Load Balancing to Achieve High-Performance Parallel and Distributed Systems

ArrayTracer is a high level, low overhead Parallel Performance Analysis (PPA) tool, which is easy-to-use and allows the level of trace detail (granularity) to be tuned. It is designed specifically for development and performance analysis of large parallel applications, on workstation networks and distributed parallel machines with shared-memory. By tracing data and code flow it provides information for the optimization of application code for the target system and results from the trace can be used as input into algorithms. ArrayTracer provides programmers with many flexible trace options, including tracing of specific data during specified computation phases; tracing at elementary data object level; code tracing at higher levels; and flow control tracing with adjustable granularity. Whenever possible, ArrayTracer uses computation of events rather than tracing: this reduces the performance overhead during application execution, introduced by the tracing process itself, and distortions due to the tracing operation. Traces are produced at application run-time by trace commands inserted into the application's source code. This approach rare for PPA tools, eliminates the need for correlating trace data and mapping of correlation results into the corresponding application level events. It also minimizes program distortion compared with trace techniques which rely on trace data from a separate system monitor. These are also more time consuming, as they interrupt application execution to extract trace information from memory, and may have impacts on the control/data flow.

In large, distributed computer systems, such as those used in on-line transaction processing (OLTP), every transaction is served by one of the participating processors. Load balancing is thus crucial, since imbalance greatly decreases overall system performance. CLUE, a CLUstering Environment tool, now provides automatic workload characterization and balancing. Using a series of parameters, CLUE uniquely identifies transactions with similar requirements in terms of resources. It then compresses the information without losing the essential data required for effective workload control. This has not previously been possible, which has been a barrier to using such information in dynamic routing and scheduling algorithms designed to balance network load automatically. CLUE then applies workload clustering algorithms, to gather transactions into different classes with similar resource demands and referencing behaviour.

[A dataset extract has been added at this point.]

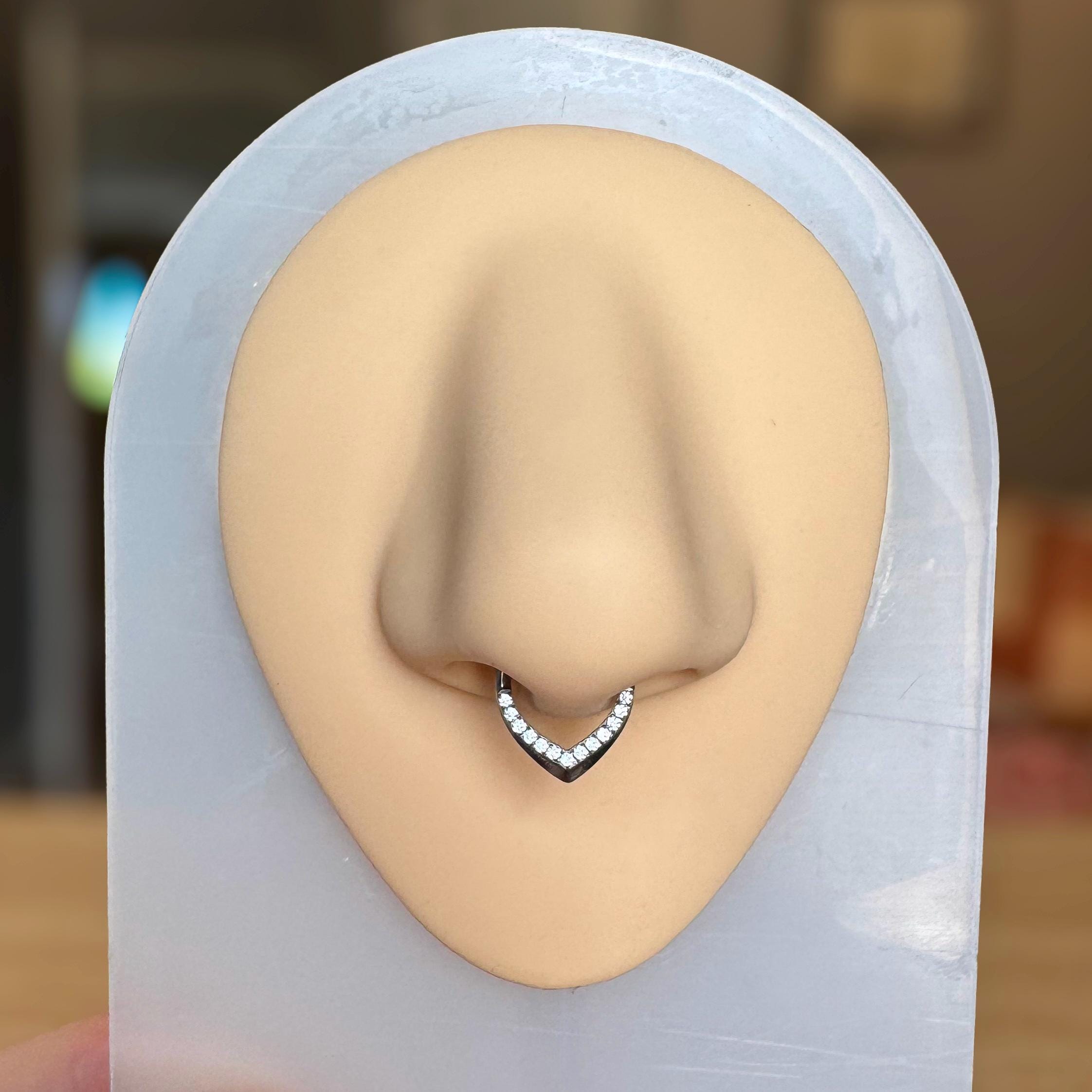 Sleek, sculptural, and designed to shimmer—this septum ring features a modern teardrop-inspired V-shape encrusted with sparkling cubic zirconia stones along the lower curve. Crafted from implant-grade titanium and available in your choice of gold or silver, this piece brings a perfect balance of minimalism and radiance.

TPsim is designed to simulate distributed database systems and on-line transaction processing (OLTP) systems, as used in large commercial or financial networks. Various parameters which describe the target system are defined by the user, as part of a simple high-level description of the system and its workload. This is then processed, to create and configure the simulation of the run-time environment. TPsim is written in C, on top of a simulation support library and a description language parser. The description language provides a mechanism to describe performance-related characteristics of system nodes, storage devices and communication media; data file allocation across the network; and the service requirements of different classes of transaction programs and users. It uses a hierarchical interconnection model for the system, where nodes can be grouped into local area network (LAN)-based clusters, which in turn can be interconnected through a hierarchy of back-bone networks. The parser uses primitives from the support library to initialize the run-time environment for the simulation, as well as the configuration of the model system supplied by the user. The simulation driver then runs user-supplied routines which emulate the system under test. The whole package offers a complete simulation environment that includes configuration of the test system, execution of testing steps and automatic collection of test data. TPsim libraries cover transaction routing, central processing unit (CPU) scheduling, input/output (I/O) scheduling, concurrency control, buffer management and logging algorithms.